Едва заметный мышечный спазм нарушил спокойствие лица Артура. Я уже начала понимать, что это значит: он хотел что-то сказать.
– Я что-то упускаю? – спросила я.
– Не понимаю, о чем вы.
– Вам хочется это сказать, не отрицайте, – сказала я. Я была раздражена, но вместе с тем и приятно взволнована; все это так напоминало погоню за Артуром, что я почти ощущала, как ветер бьет мне в лицо. – Вы бы не сделали такое лицо, если бы не хотели что-то рассказать. Так бросьте эти игры и просто скажите.
– Священник был любовником вашей бабушки, – сказал Артур. – Лузитания – его дочь.
Между нами повисла тишина.
– Вас это шокирует? – спросил он наконец.
Я понизила голос до шепота:
– Что вы такое говорите? А дедушка знает? Почему отец Томас до сих пор жив?
– Вряд ли Миклош знает, что такое ревность, – сказал Артур. – Лузитания была одной из его любимиц. Подозреваю, это помогло сгладить углы.
Я вдруг похолодела. Несмотря на все свои изъяны, дедушка Миклош, безусловно, любил бабушку Персефону всем своим существом. А она предала его. И что же такого сделала я, чтобы бабушка Персефона стала считать меня чудовищем?
– Вы в порядке? – спросил Артур.
– Я просто… задумалась.
Он дотронулся до моего плеча, и на мгновение его обычно холодная ладонь стала теплее. Потом он, прихрамывая и опираясь на трость, отошел к моей маме, чтобы переброситься парой слов. Лума догнала его и обвила его руку своей. Артур не воспротивился, и мама переключилась на дедушку Миклоша, заключив его в свои влажные объятия. Тут дверь распахнулась, и на пороге появился Рис: одежда в потеках грязи, запах дичи, костяшки перепачканы кроваво-красным, словно он лупил что-то кулаками. Он зашагал вверх по лестнице и скрылся из виду.

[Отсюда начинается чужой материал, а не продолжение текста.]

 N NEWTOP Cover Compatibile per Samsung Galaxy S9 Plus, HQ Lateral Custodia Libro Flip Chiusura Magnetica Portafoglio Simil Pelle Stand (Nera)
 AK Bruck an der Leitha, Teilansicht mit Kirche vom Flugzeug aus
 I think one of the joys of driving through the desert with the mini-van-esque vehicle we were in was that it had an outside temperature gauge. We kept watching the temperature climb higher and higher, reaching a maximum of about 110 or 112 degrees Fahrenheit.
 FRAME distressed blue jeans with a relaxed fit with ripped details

Глядя на поднимающегося по ступенькам Риса, я вспомнила, что давно нигде не видела тетю Лузитанию. Если Артур не солгал, если она рыщет по дому, я должна найти ее как можно скорее.

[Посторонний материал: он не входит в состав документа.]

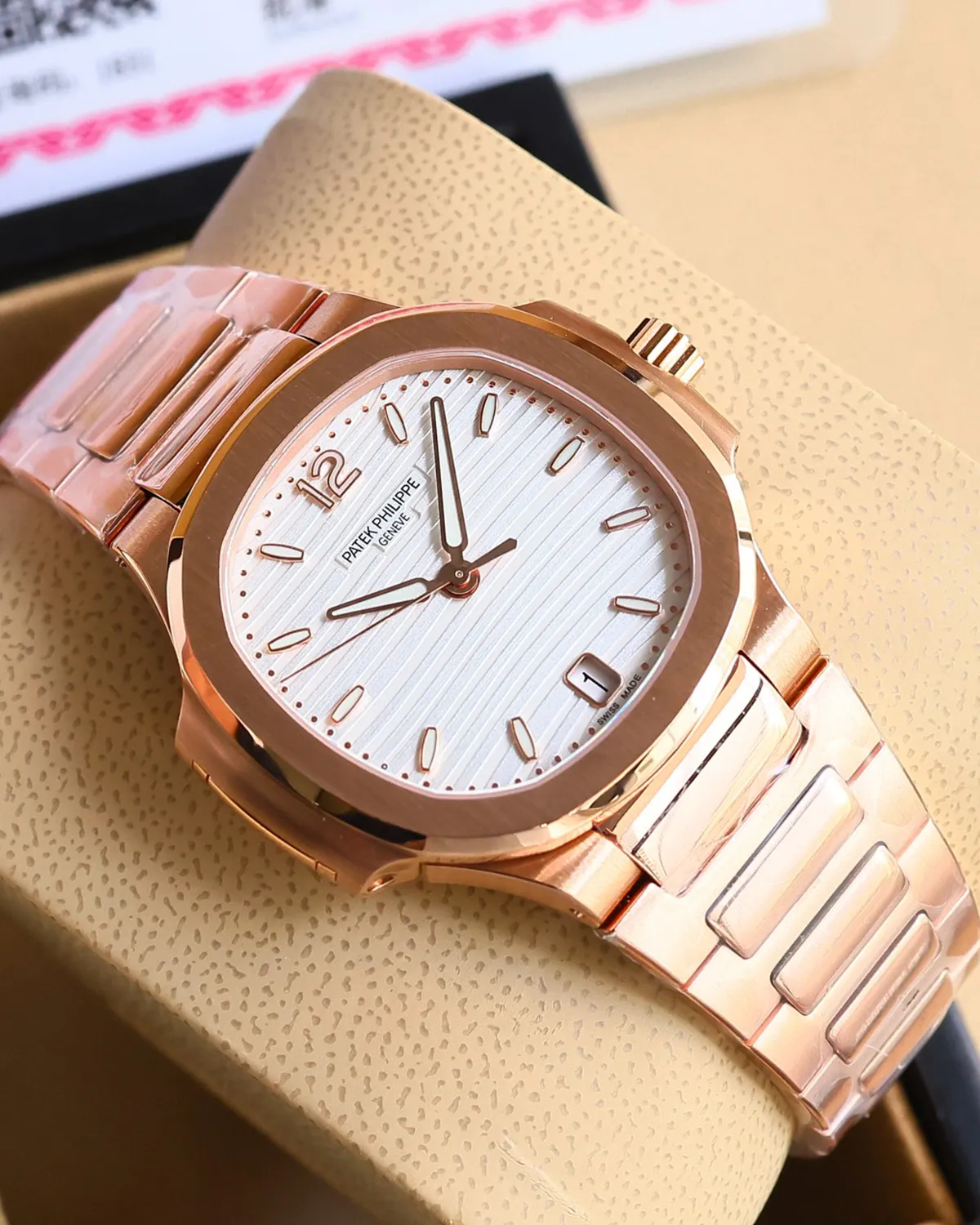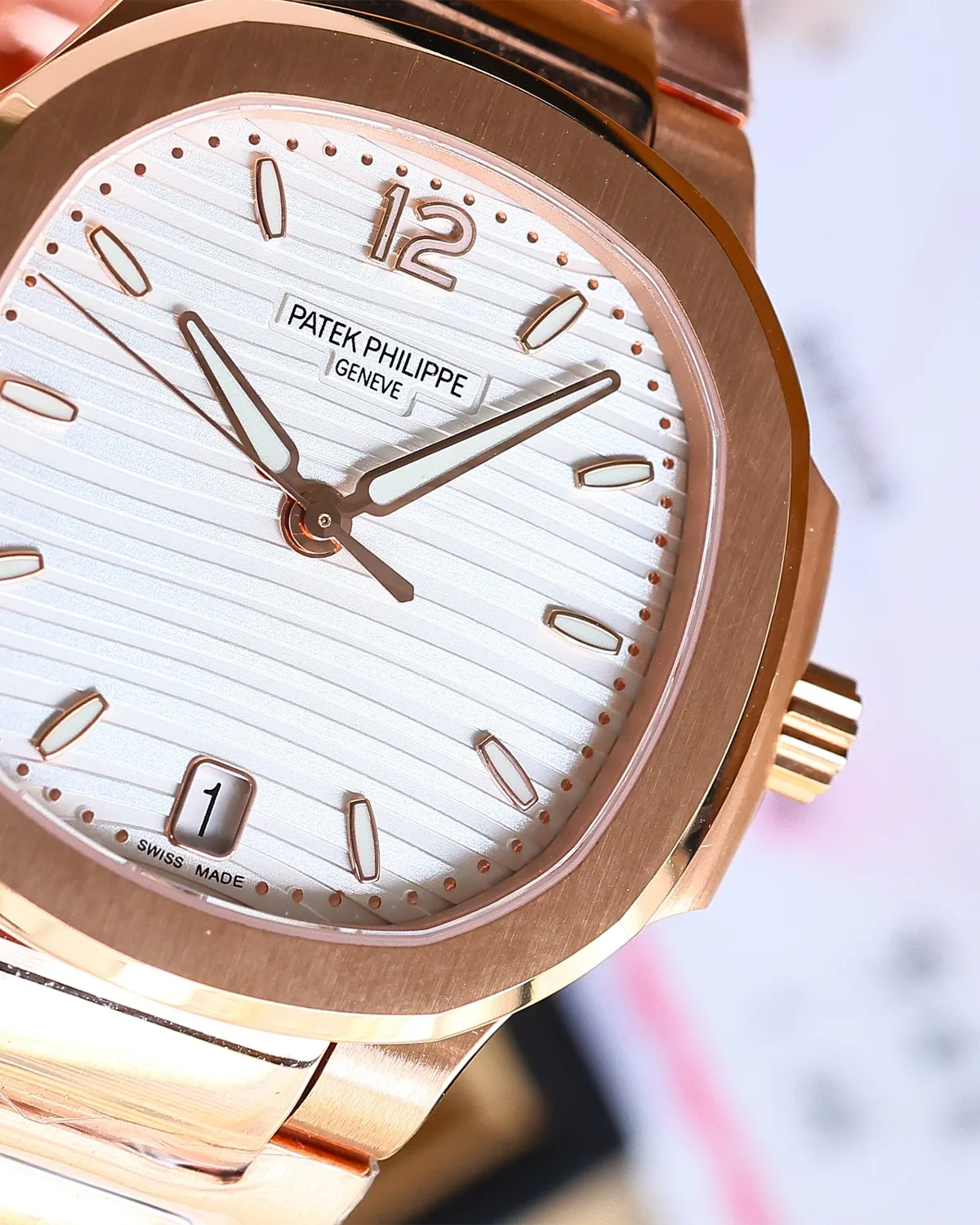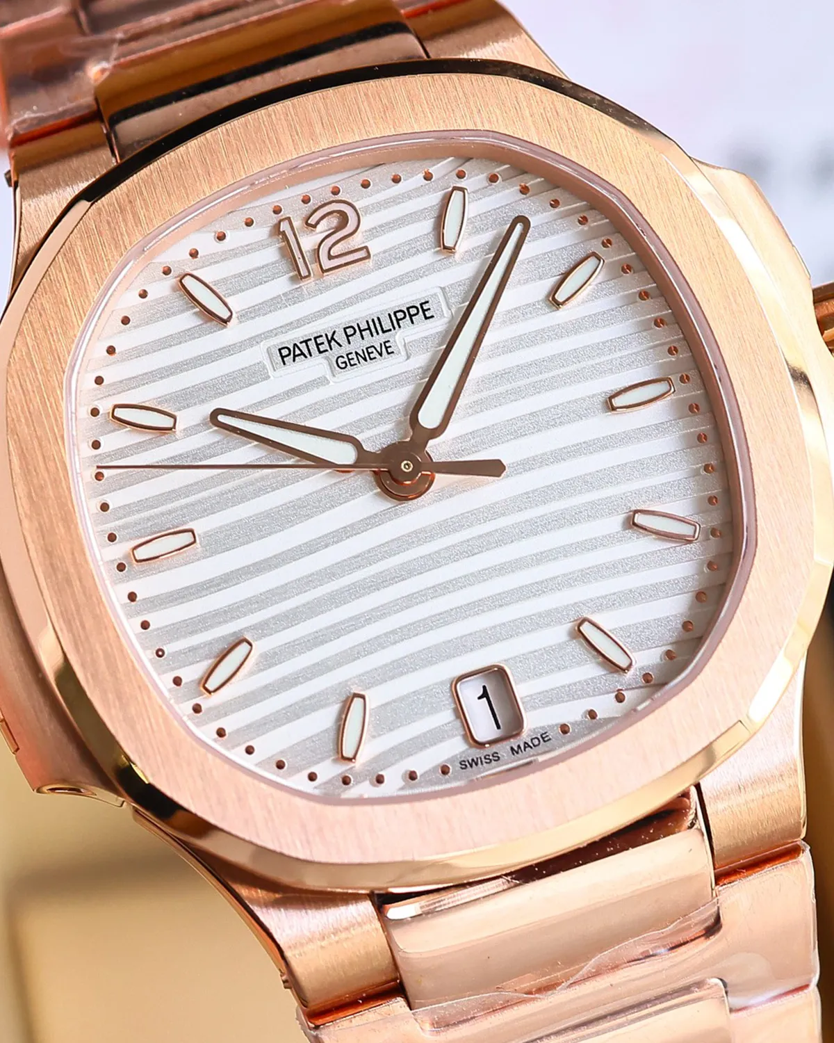 5711/1R date watch featuring a rose gold-tone case and bracelet paired with a light horizontal dial look for a clean, warm sport-lux finish.

Я проверила везде, где она могла что-либо искать: в гостиной, в бабушкиной библиотеке, в оранжерее. Я надеялась, что мы сможем поговорить. Может, я смогла бы убедить ее в том, что мне карты нужнее. Наконец, я вернулась в главный зал и обнаружила там Чарли, который стоял на коленях на столе и пытался снять со стены кабанью голову. Я наблюдала за ним из-за угла, пока он не обернулся.
– Отстань от меня, – сказал он.
– Карт там нет.
Он сел на стол рядом со стеклянной вазой с залежалыми мятными конфетами. Я скрестила руки.
– Где твоя мама?
– Она не хочет тебя видеть, – сказал Чарли. – Она знает, что ты будешь просить, чтобы она тебя научила.
Я моргнула. Эта мысль до сих пор не приходила мне в голову.
– Откуда она знает?
– Потому что мы владеем колдовством, а ты – нет.
Он выдавал тайны только затем, чтобы поддразнить меня. Если бы он окончил хотя бы начальную школу, он бы не допускал таких ошибок. Но остротой ума Чарли не отличался. Я с силой щелкнула его по уху.
– Ай!
– Почему бы ей меня не обучить? – спросила я.
– Если еще раз стукнешь, я закричу.
– Как по мне, ты врешь.
Он фыркнул.
– С тобой кое-что не так. Как и с твоей мамой. Все это знают, но никто ничего не говорит только из-за бабушки.
– И что же со мной не так?
– Если я отвечу, ты пожалеешь.
У меня в горле встал ком, но я решила не обращать на это внимания.
– Не пожалею. Говори.
– Нет.
– Говори. – То, с какой силой я произнесла это слово, поразило даже меня саму.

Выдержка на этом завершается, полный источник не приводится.